Have you ever wanted to share your localhost application with others on the internet? Using a cloud server as a reverse proxy is a secure and effective way to do this. To make it even smoother, you can set up SSH key-based authentication for auto-login. Here’s how.
Prerequisites
- A localhost application running on your machine (e.g., at http://localhost:8080).
- Access to a cloud server with a public IP and Apache2 installed.
- SSH access to the cloud server.
Step 1: Generate an SSH Key for Passwordless Login
On your local machine:
Generate an SSH key pair (if you don’t already have one):
ssh-keygen -t rsa -b 4096 -C "maheshpalamuttath@gmail.com"
- Press Enter to accept the default location (~/.ssh/id_rsa).
- Leave the passphrase blank for passwordless access.
- Copy the public key to your cloud server:
ssh-copy-id mahesh@139.84.139.31
Replace mahesh and 139.84.139.31 with your cloud server's username and IP.
If ssh-copy-id isn’t available, manually copy the key:
cat ~/.ssh/id_rsa.pub
Paste it into the ~/.ssh/authorized_keys file on the cloud server.
Step 2: Establish an SSH Tunnel
Create a reverse tunnel from the cloud server to your local application:
ssh -R 9000:localhost:8080 mahesh@139.84.139.31
Replace 9000 with an available port on the cloud server.
The traffic on the cloud server's localhost:9000 will forward to your local machine's localhost:8080.

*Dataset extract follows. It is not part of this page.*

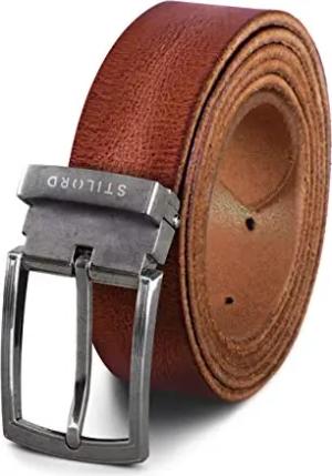 Vintage Echtleder Gürtel Herren Damen Retro Kürzbar Universal Ledergürtel Büffelleder, Farbe:veneto - braun | Schnalle gebürstet silbern I, Größe:Universal 80-130 cm

Step 3: Configure Apache2 as a Reverse Proxy
On your cloud server:
Enable Apache's proxy modules:
sudo a2enmod proxy proxy_http
sudo systemctl restart apache2
Create a virtual host configuration:
sudo nano /etc/apache2/sites-available/myapp.conf
Add the following:
<VirtualHost *:80>
ServerName library-staff.mydomain.com
ProxyPreserveHost On
ProxyPass / http://127.0.0.1:9000/
ProxyPassReverse / http://127.0.0.1:9000/
</VirtualHost>
Replace library-staff.mydomain.com with your server's public IP or domain.
Enable the site and reload Apache:
sudo a2ensite myapp.conf
sudo systemctl reload apache2
Step 4: Automate the SSH Tunnel
To ensure the tunnel starts automatically after reboot:
Install autossh on your local machine:
sudo apt install autossh
Add the following to your crontab:
crontab -e
Add this line to start the tunnel on boot:
@reboot autossh -M 0 -R 9000:localhost:8080 mahesh@139.84.139.31
Step 5: Secure the Connection with HTTPS
To secure the reverse proxy:
Install Certbot:
sudo apt install certbot python3-certbot-apache
Obtain a free SSL certificate:
sudo certbot --apache -d library-staff.mydomain.com
Now your application is accessible at library-staff.mydomain.com.
Conclusion
With SSH key-based authentication, a reverse SSH tunnel, and Apache2 acting as a reverse proxy, your localhost application is now securely accessible on the internet. Automating the SSH tunnel ensures the setup remains active after reboots, making this a reliable solution for sharing your application with the world.